Le contraste entre le cynisme de Vaillancourt, le caïd local et symbole sans nuance d’un capitalisme triomphant, et la crédulité des deux pauvres types, motivés par l’appât du gain, est manichéen et le propos est clair : au-delà de la personnalité véreuse de Vaillancourt, le mal, dans la pièce de Cloutier, c’est la pauvreté dans ce qu’elle a de plus insidieux : le manque d’éducation, de repères clairs, et donc d’horizon. D’ailleurs, la « pauvreté » est un personnage à part entière, et sa langue lui est propre. Cette langue de Cloutier, telle qu’elle vivait également dans ses pièces Cranbourne et Scotstown, s’illustre dans les jurons, sur fond de câlisse, tabarnak et autres crisse, les propos sont bruts, sans filtre, souvent comiques, les respirations courtes des personnages et leurs répliques entremêlées sont autant de fulgurances démontrant l’instantanéité totale des protagonistes. On ne réfléchit pas vraiment, on vit le moment. Normal, quand on n’entrevoit pas d’avenir.

La pauvreté est multiforme et le texte de Fabien Cloutier permet d’en montrer différents aspects. Par le rire paradoxalement. Quand la seule fenêtre sur le monde est un compte Youtube, le bât blesse, mais fait rire également, on notera ici le délicieux personnage de la mère de Steven dont les répliques comiques sont des plus savoureuses. Sous le rire, des relents de misérabilisme. Et c’est là que la gradation de l’intrigue est intéressante. On rit d’abord, beaucoup, aux éclats des galères de ces personnages hauts en couleurs et magnifiquement interprétés puis on rit jaune, dérangé dans nos certitudes et notre mode de vie bobo, puis on en vient finalement au malaise, au moment où la spirale de la pauvreté entraîne une négation des valeurs les plus élémentaires, comme l’amour d’un père à ses enfants.

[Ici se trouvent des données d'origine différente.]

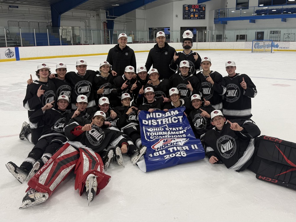 COLUMBUS, OH (October 2025) — The Columbus Chill 18U National Team clinched the Mid-Am Ohio State Championship for the second consecutive year, earning a berth to the USA Hockey Tier II National Championships in West Chester, Pennsylvania, March 25–29.

La notion de transmission est d’ailleurs amenée en filigrane et reste présente dans toute la pièce. En effet, le terreau de la pauvreté ouvre la voie à une reproduction du mal. De parent à enfant, la spirale de la pauvreté est un héritage, à tel point qu’on peut penser qu’il y a du Bourdieu là-dedans (cf. Les Héritiers). Comme lorsque la propre mère de Steven insiste pour que son fils embarque dans la combine de Mario Vaillancourt, bien qu’elle connaisse l’homme et les risques de la démarche. Pressés par le manque d’argent, les personnages n’ont pas tous les outils pour reconnaître le bien du mal, comme l’illustre le personnage de Carl, leur éthique est fluctuante et mal affirmée car ils n’ont pas le luxe de l’avoir appris. Et c’est là que le rire s’arrête. Steven, le plus lucide et donc le plus apte à identifier l’injustice de sa condition, reconnaît et intègre son statut de pauvre, et c’est cette conscience qui est la plus douloureuse, mêlée à celle de l’avoir transmis à son fils.

Pour réussir un poulet est une pièce à voir, pour la langue, pour le message, pour le jeu des interprètes, pour la musique de Misteur Valaire et aussi pour le malaise qu’elle crée en soi. Parce qu’on ne va pas au théâtre pour se faire dire que tout va bien.

Crédit Photo : Suzanne O’Neill / La Licorne/ La Manufacture
Pour réussir un poulet, de Fabien Cloutier, du 23 septembre au 1er novembre 2014, à la Grande Licorne.